Mathew Clark pointed out the significance of Moltmann shaping his early political theology based on the beliefs of Munzer, who represented the north German activist group known as Schwarmer 11. Schwarmer was a term used by Luther to describe the Anabaptists, which can be translated as partisans or fiends. In subdivision two, further research will be conducted on this topic. Packull explains how those who claimed to be justified by faith alone did not show any visible fruits, and they also argued against the need to do so. Denck and other first-generation Anabaptists cited James 2:17 - "Therefore, besides faith by itself, if it does not have works, is dead" (NKJV) - to support their belief that true faith was not just an inward experience of God's grace as Luther maintained, but rather the outward expression of this grace through actions.

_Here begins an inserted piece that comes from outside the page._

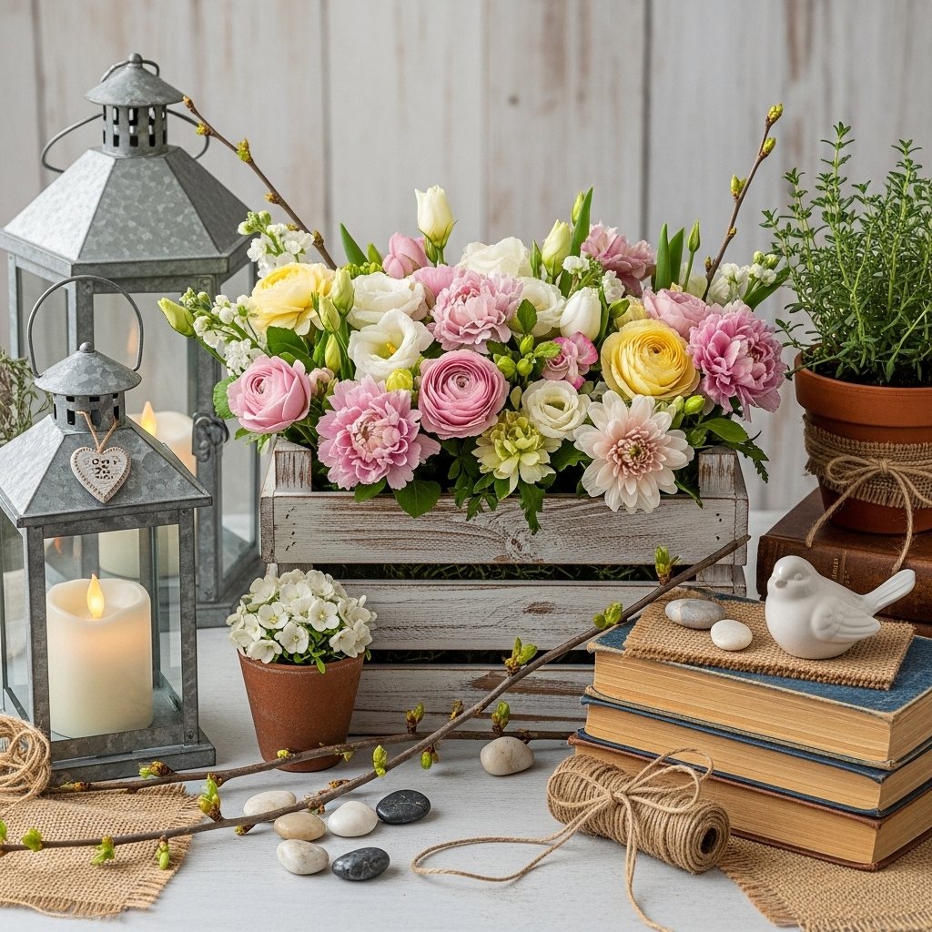 You can decorate your home with rustic spring ideas by adding fresh flowers, wooden signs, mason jars, and handmade decorations. Simple touches like floral arrangements, rustic trays, or vintage-style items can quickly transform a space. These small details help bring the natural beauty of spring into your living area.

Klaassen affirms the outright rejection of what Anabaptists considered as an irreversible insistence on religion completely, reinforcing how they regarded religion as visible and genuine only if expressed in action. True believers conducted themselves accordingly, allowing the teachings of Christ to guide them in all things and ensuring that they treated others with compassion and consideration. Denck succinctly summarized what has become known as the hermeneutics of obedience when he stated that no one can truly know Christ unless they follow him in life. The act of believer's baptism was by far

the most controversial symbol of obedience and, according to Estep, the key to interpreting the Anabaptist perspectives on discipleship and the church.

The term Anabaptist, which means to re-baptize, is a convenient label for a radical concept that did not support infant baptism. This belief, derived directly from Christ according to theologian Balthasar Hubmaier, was not new but rather based on the absence of any mention of child baptism in the Bible. Hubmaier, an educated Anabaptist theologian, described water baptism as a public testimony of Christian faith and the Supper as a public testimony of human love. However, the Anabaptists focused more on the testimonies themselves rather than the surrounding philosophy, despite their adherence to the Trinity's divinity.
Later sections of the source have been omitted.